Exercise goal >> Give back, exactly as written, the lines from the first line of the data below through the line with "工作人员用通俗易懂的语言为小", and omit the pictures.

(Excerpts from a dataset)
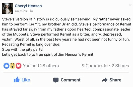In a Facebook post Cheryl says Steve’s portrayal of Kermit had strayed very far from her father’s characterization, and that the modern Kermit had become a “bitter, angry, depressed victim.”
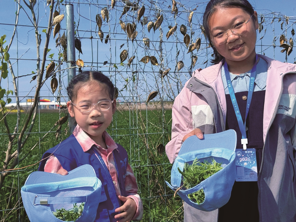工作人员用通俗易懂的语言为小记者们讲解清明的由来、传统习俗。随后,小记者们怀着满心好奇,走进绿意盎然的田间地头,开启了艾草与青蒿的“寻踪之旅”。在工作人员的指引下,大家弯腰俯身,仔细辨认植物的形态差异,触摸叶片的细腻纹理,呼吸着草木特有的清香,亲手采摘新鲜艾草与青蒿。指尖拂过翠绿的叶片,耳畔回荡着欢声笑语,孩子们的兴致在自然的怀抱中尽情绽放。
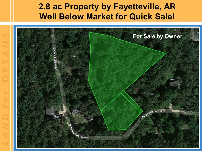Fayetteville, Arkansas is a place anyone would be happy to call home. Voted as one of the "Top Ten Places to Live in the US" for 2021. This UNRESTRICTED property is settled in a waterfront community, 16 miles from Fayetteville. It sits just 1/2 mile off White River just 29 miles from beautiful Beaver Lake, which boasts endless fun activities for the whole family. It is also just 36 miles outside the Ozark National Forest. Enjoy camping, hiking, sightseeing, and more. Fort Smith is only an hour and a half drive away, close enough for an exciting weekend getaway! Springdale Country Club, only 17 miles away, and the Sassafras Springs Vineyard & Winery, 11 miles away are just two examples of the great, local amenities. There is also a wide range of terrific local schools to choose from. Don't miss out on the opportunity to live in this charming town in the great state of Arkansas with NO HOA fees. This incredible 2.8 acre property would make the perfect building lots for at least TWO homes. Buy both lots for your own or sell one! We offer this property for only $29,500 CASH. That saves $42,100!
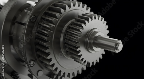 Close-up of a detailed metallic gear mechanism with intricate teeth and a central shaft
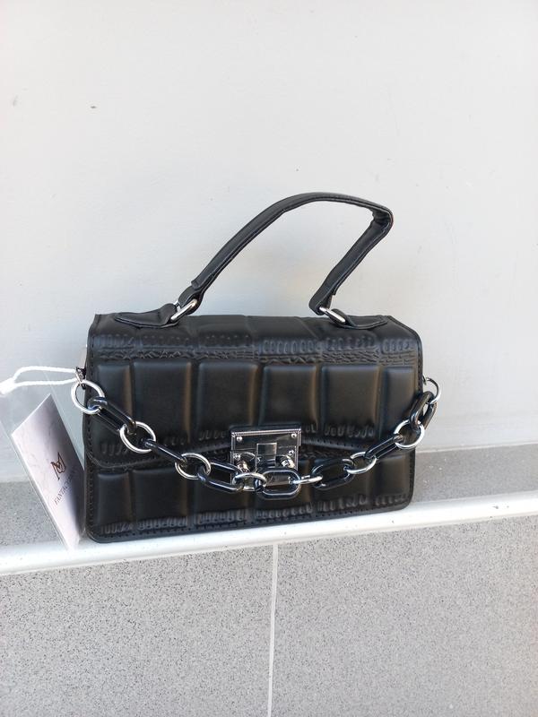 Сумка женская Цвет черный Материал экокожа Цепочка снимается Есть короткая ручка, и плечевой ремешок (регулируется) Внутри 2 отделения с перегородкой (карманом) Замеры Высота 14 см Ширина 21 см Глубина 9 см

Response to this exercise >>
In a Facebook post Cheryl says Steve’s portrayal of Kermit had strayed very far from her father’s characterization, and that the modern Kermit had become a “bitter, angry, depressed victim.”
工作人员用通俗易懂的语言为小记者们讲解清明的由来、传统习俗。随后,小记者们怀着满心好奇,走进绿意盎然的田间地头,开启了艾草与青蒿的“寻踪之旅”。在工作人员的指引下,大家弯腰俯身,仔细辨认植物的形态差异,触摸叶片的细腻纹理,呼吸着草木特有的清香,亲手采摘新鲜艾草与青蒿。指尖拂过翠绿的叶片,耳畔回荡着欢声笑语,孩子们的兴致在自然的怀抱中尽情绽放。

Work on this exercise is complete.